*** Given data ***
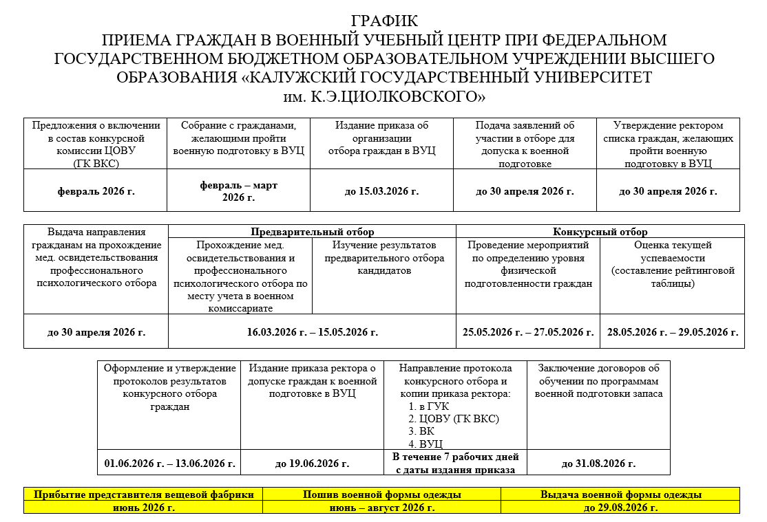 График приёма граждан в Военный учебный центр
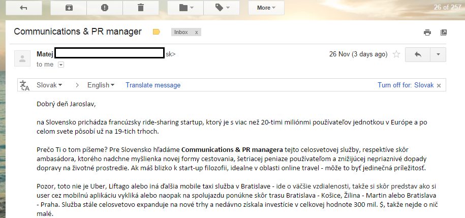 Minulý týždeň mi prišiel mail s pracovnou príležitosťou na pozíciu Communications & PR managera:
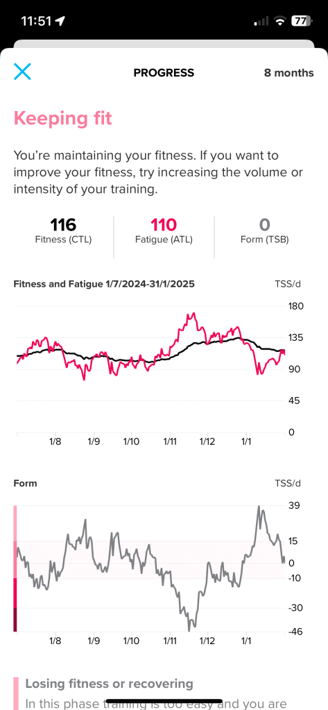 At first, that scares me a little bit but then I sit with it for a few seconds and realise that means that intrinsically I have placed some challenging expectations on myself to perform well as a runner. Which, when I sit on that thought a little bit longer, means by the end of it, even if I don’t reach those expectations, I’ll still come out as a better runner for having set some challenging goals for myself. With that little preface of the next few weeks, this weekly recap was all about putting in the first real solid training week of three full sessions together since the start of 2025.
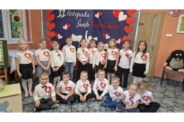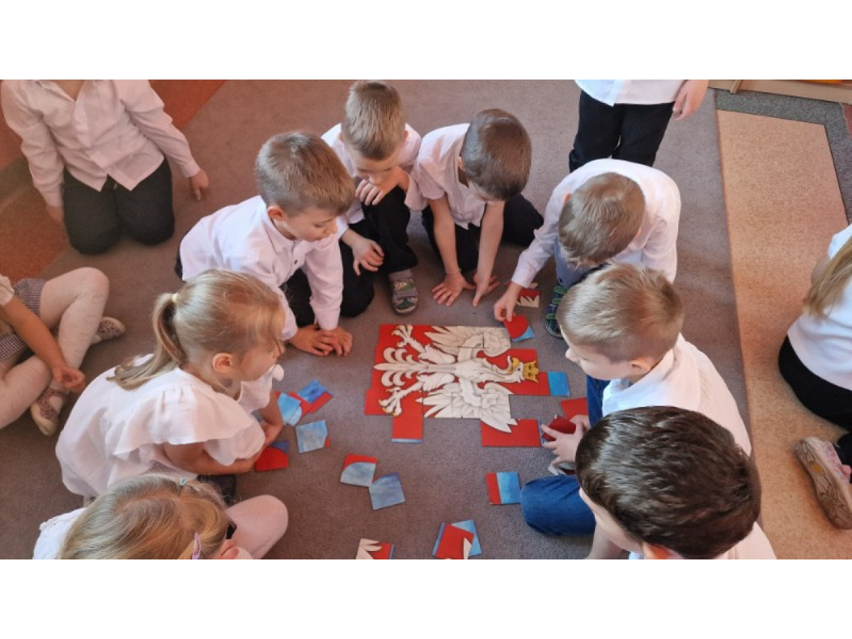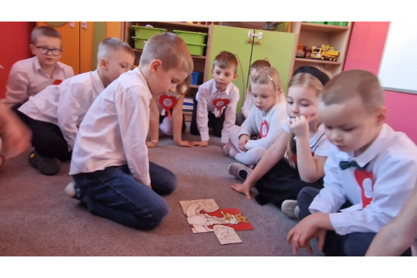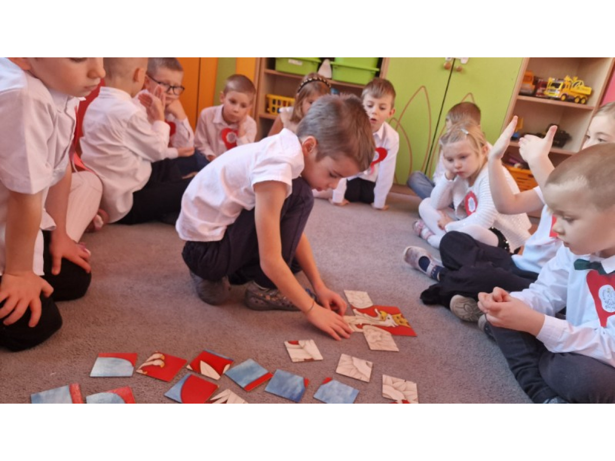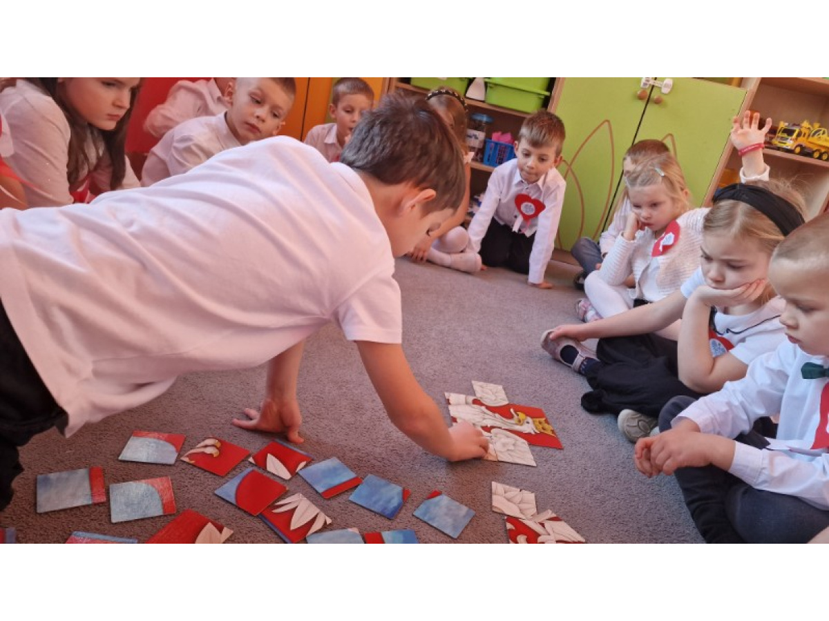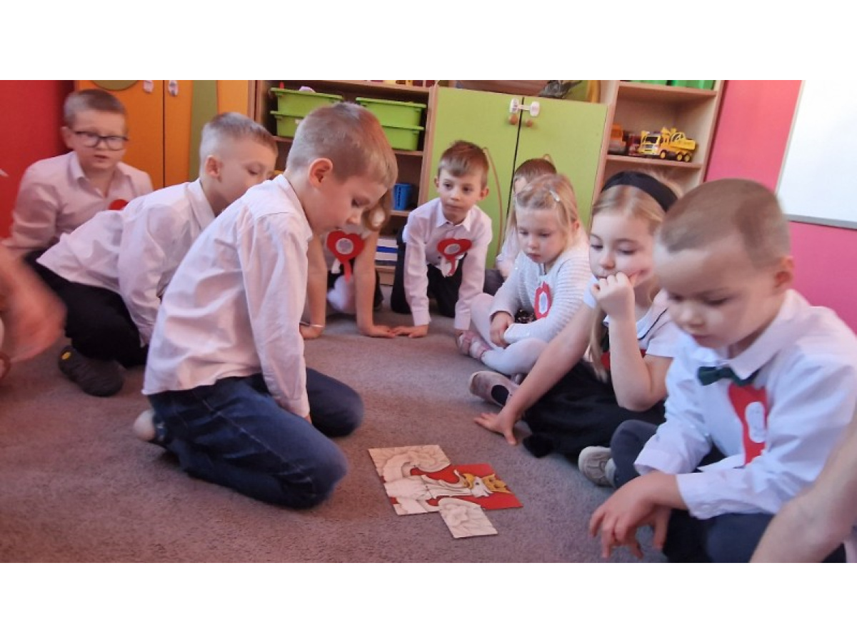 Dnia 7 listopada świętowaliśmy w przedszkolu odzyskanie przez Polskę niepodległości. Przedszkolaki wzięły udział w akcji "Szkoła do Hymnu" i wspólnie odśpiewały Hymn Polski. Braliśmy także udział w uroczystym występie grupy Żabek. Nie zabrakło wspólnych zdjęć, rozmów o polskich symbolach oraz układanie puzzli z Godłem Polski.
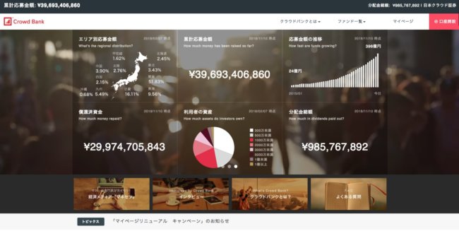 日本クラウド証券株式会社が運営を行っていて、2018年8月には累計応募金額が350億円を突破しています。
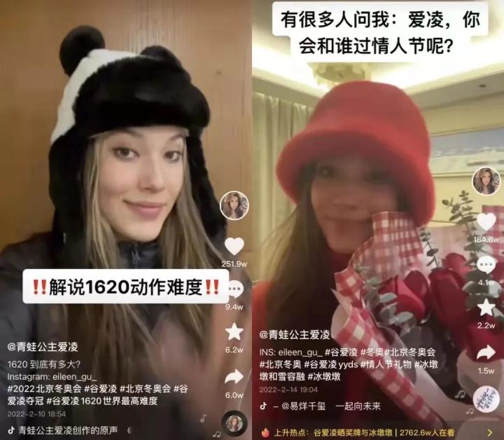 再比如谷爱凌的自拍「时装秀」,在抖音获得100多万点赞,夺金后的4条抖音总互动量超千万。而无论是秀金牌吃包子、与冰墩墩过情人节还是解说1620动作难度、跳舞庆祝收获银牌却不小心打到吊灯,都是运动员自我展示、与大众互动的全新方式。
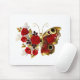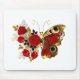 Alfombrilla De Ratón Mariposa de flor roja con rosas rojas
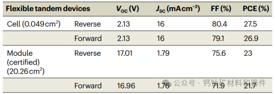 结果,他们实现了柔性全钙钛矿叠层太阳能电池(面积0.49 cm2)的 PCE 为 27.5%和大型柔性模块(面积20.26 cm2)的认证效率 23%,几何填充系数为 95.8%。
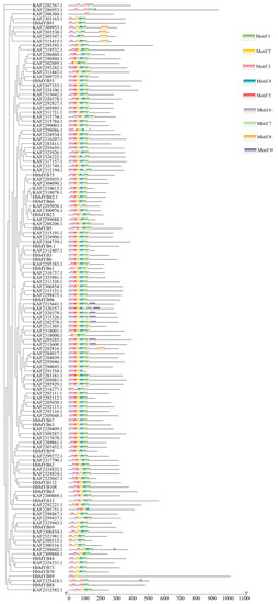 To investigate the systematics evolution and sequence features of the HbR2R3-MYB proteins, a phylogenetic tree and motif composition analysis were performed. As showed in Figure 2, nine conserved motifs were identified in these proteins by MEME analysis. Almost all HbR2R3-MYBs contains motif 1, 2, 3, and 4, which were part of the R2 or R3 (Figure 2). About half of the HbR2R3-MYB proteins contains motif 6 which did not belong to the conserved R2 or R3 domain. Motif 8 was present in five genes (KAF2309955.1, KAF2303530.1, KAF2303547.1, KAF2315415.1, and KAF2282816.1), while motif 5 was only present in one gene (KAF2288602.1). Additionally, motif 9 was present in all members of S9 and two genes (KAF2289285.1and KAF2313600.1) did not divide into any subgroups. Moti 7 existed simultaneously in 44 members of HbR2R3-MYBs from S4, S9, S11 S13, and S24. These conserved motifs may be associated with the specific biological functions of the different subgroups proteins.
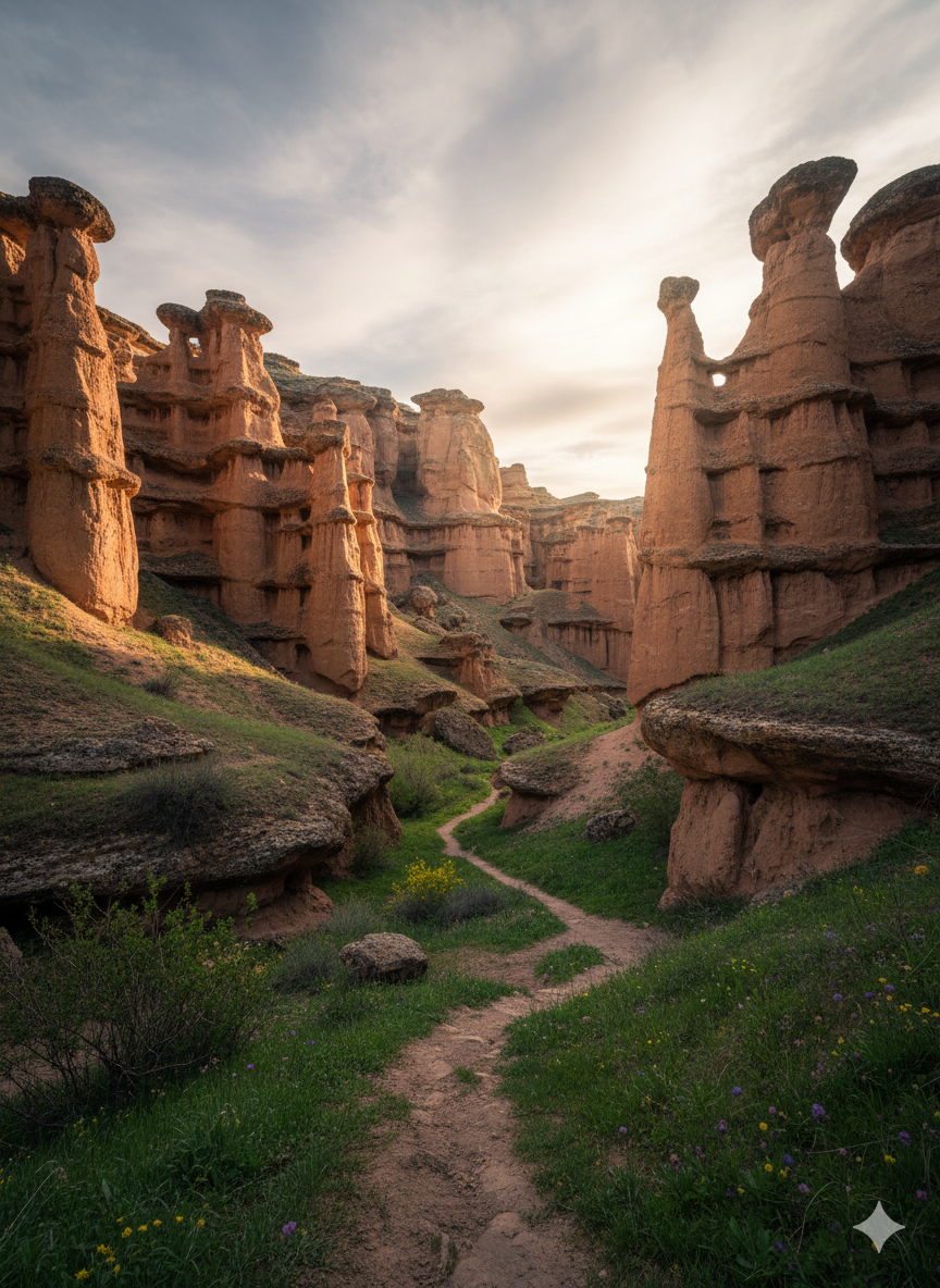 Чарынский каньон — природное чудо, которое нередко сравнивают с американским Гранд-Каньоном. Красные скалы причудливой формы, уходящие вниз на сотни метров, и бирюзовая река на дне — это зрелище запоминается навсегда. Апрель считается лучшим временем для посещения: природа только расцветает, жары ещё нет, а краски каньона особенно насыщены.
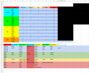 This might be complicated as I'm not extremely familiar with excel. I would like to create a formula that can find a name from the bottom table and depending on which section it is in (cleanup / setu...
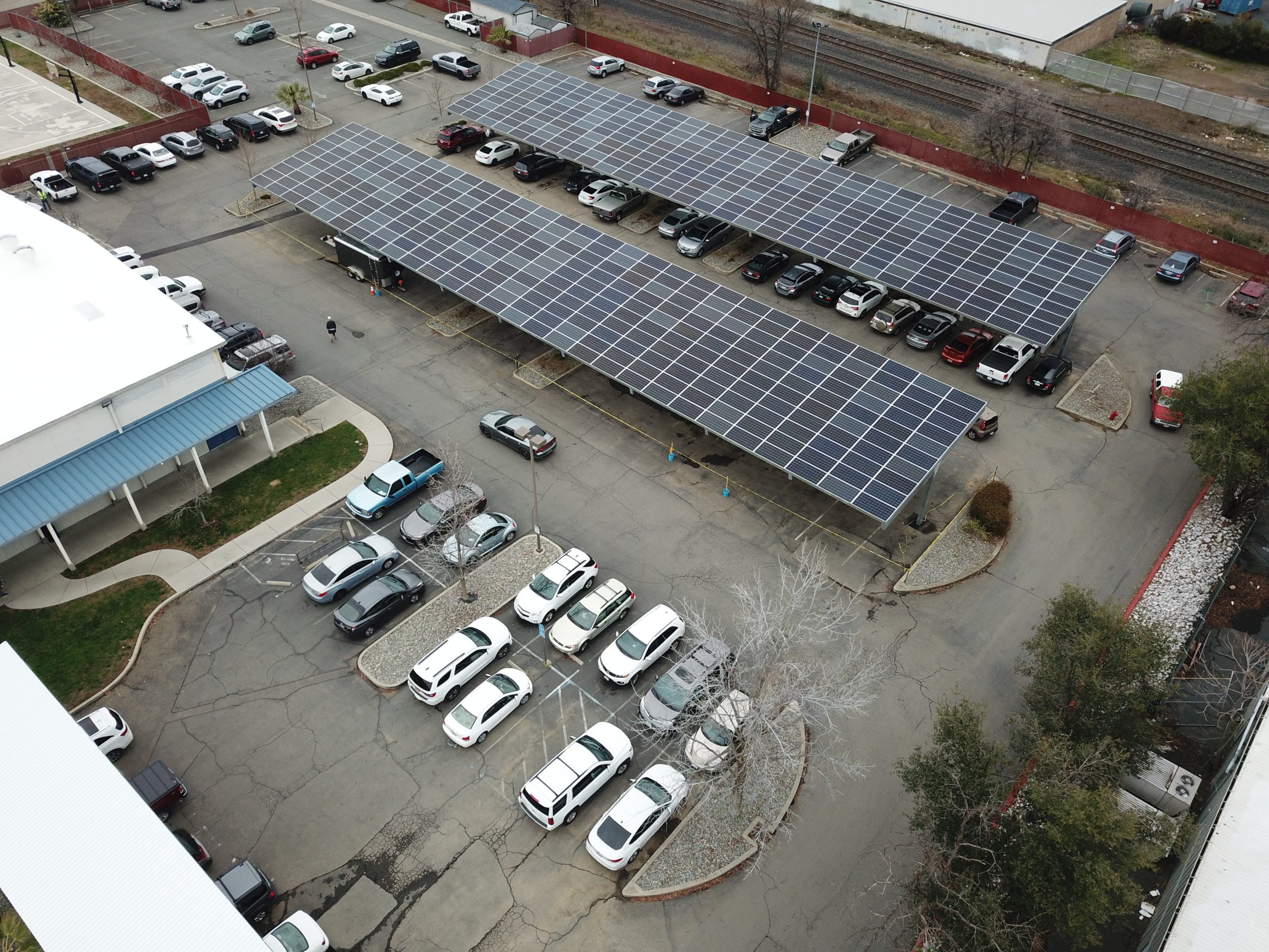 - System Size: 148.58 (DC) covered parking solar structure system
***
Set down exactly the lines from the start of the records through the line containing "At first, that", both included, and omit the pictures.

Your response:
 График приёма граждан в Военный учебный центр
 Minulý týždeň mi prišiel mail s pracovnou príležitosťou na pozíciu Communications & PR managera:
 At first, that scares me a little bit but then I sit with it for a few seconds and realise that means that intrinsically I have placed some challenging expectations on myself to perform well as a runner. Which, when I sit on that thought a little bit longer, means by the end of it, even if I don’t reach those expectations, I’ll still come out as a better runner for having set some challenging goals for myself. With that little preface of the next few weeks, this weekly recap was all about putting in the first real solid training week of three full sessions together since the start of 2025.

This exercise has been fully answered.